→ What the exercise asks:
Go to the line holding "Kun arviointi on" in the data below and repeat it exactly, then each line after it up to and including the one holding "또 무대 뒤에는 객석". Omit pictures.

→ Data for the task:

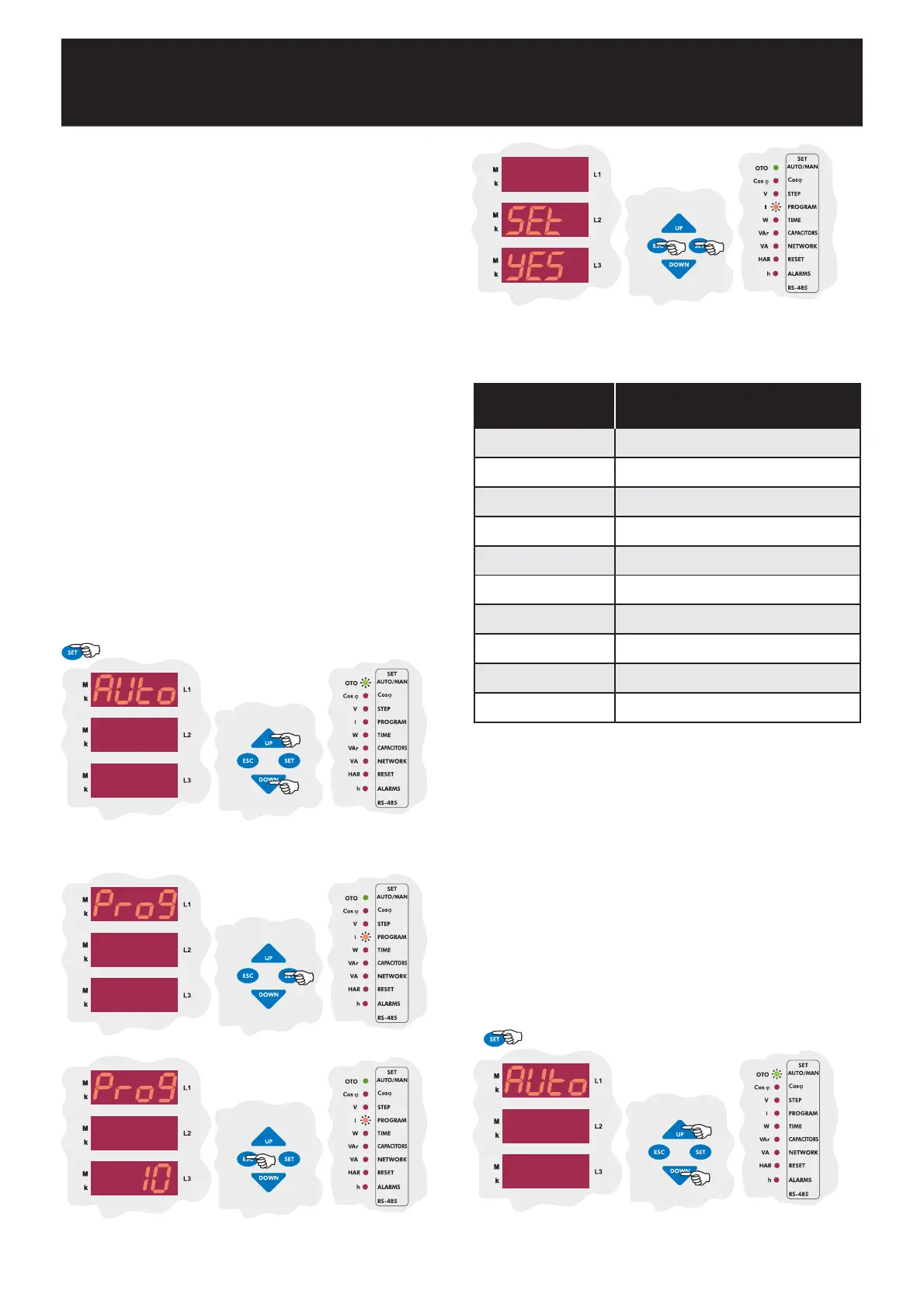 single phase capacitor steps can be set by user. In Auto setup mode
--
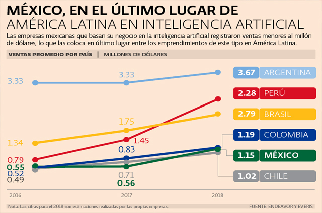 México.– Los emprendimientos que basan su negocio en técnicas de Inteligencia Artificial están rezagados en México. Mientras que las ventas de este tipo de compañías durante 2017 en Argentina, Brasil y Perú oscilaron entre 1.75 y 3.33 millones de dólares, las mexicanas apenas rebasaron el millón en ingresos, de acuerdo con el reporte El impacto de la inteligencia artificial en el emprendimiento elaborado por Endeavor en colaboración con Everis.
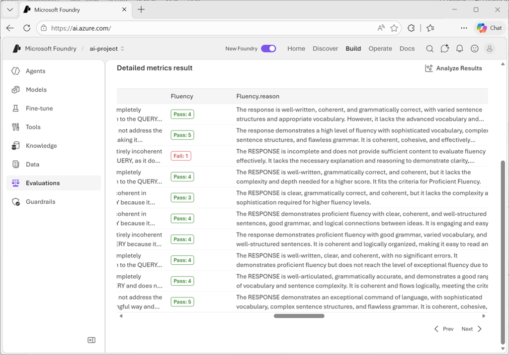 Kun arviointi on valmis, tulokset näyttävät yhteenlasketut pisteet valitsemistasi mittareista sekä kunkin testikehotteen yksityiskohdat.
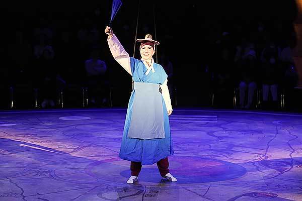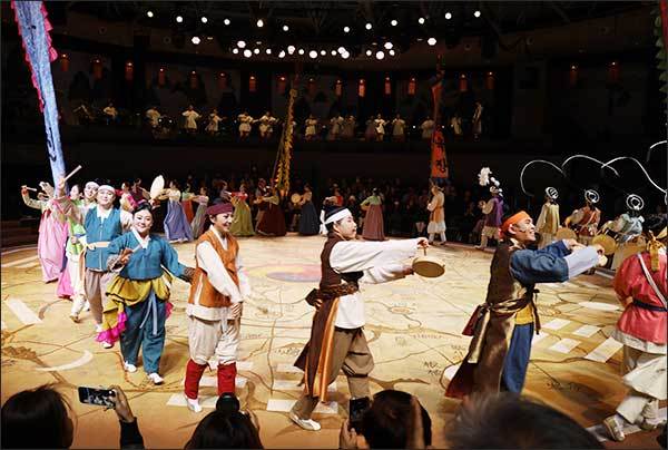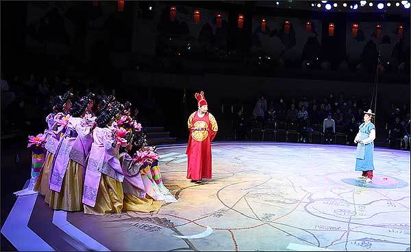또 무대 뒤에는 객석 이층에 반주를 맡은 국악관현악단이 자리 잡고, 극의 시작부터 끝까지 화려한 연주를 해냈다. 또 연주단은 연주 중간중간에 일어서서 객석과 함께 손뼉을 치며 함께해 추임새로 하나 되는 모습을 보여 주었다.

→ Exercise result:
 Kun arviointi on valmis, tulokset näyttävät yhteenlasketut pisteet valitsemistasi mittareista sekä kunkin testikehotteen yksityiskohdat.
또 무대 뒤에는 객석 이층에 반주를 맡은 국악관현악단이 자리 잡고, 극의 시작부터 끝까지 화려한 연주를 해냈다. 또 연주단은 연주 중간중간에 일어서서 객석과 함께 손뼉을 치며 함께해 추임새로 하나 되는 모습을 보여 주었다.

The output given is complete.